Zarzuela of fish and seafood
6 servings
30 minutes
The main ingredients for zarzuela are: monkfish, sea bass, squid, Norwegian lobster, shrimp, mussels and other mollusks, small fish. You can't do without monkfish, and the rest can be replaced with sea bream, mors , ruffs, conger eel and other bottom fish with dense lean meat.

1
Broth. I loaded small fish into a large pot without cleaning them. In Spain, various small sea fish are sold for broths under the general name morralla.
2
I filleted the perch and the monkfish.

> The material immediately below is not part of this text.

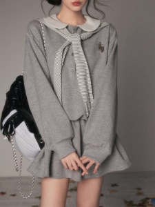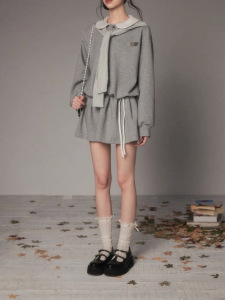 原创秋季灰色假两件长袖卫衣连衣裙韩系气质短裙

I put the bones, head, fins, and skin into a pot with small pieces, added 3 liters of water, chopped leek, carrot, onion, celery, added a bunch of parsley and bay leaf, and salt.
- Small fish: 1 kg
- Sea bass: 800 g
- Monkfish: 1 kg
- Onion: 1.5 piece
- Carrot: 1 piece
- Celery: 1 piece
- Parsley: 1 bunch
- Bay leaf: 2 pieces
- Salt: to taste
3
I boiled the fish with vegetables for about 1 hour over medium heat. Then I strained the finished broth through a fine sieve. I froze the excess for future paella.
4
Picada. I soaked ñora peppers in boiling water. I toasted pieces of baguette over low heat until golden, and softened garlic cloves there without letting them burn.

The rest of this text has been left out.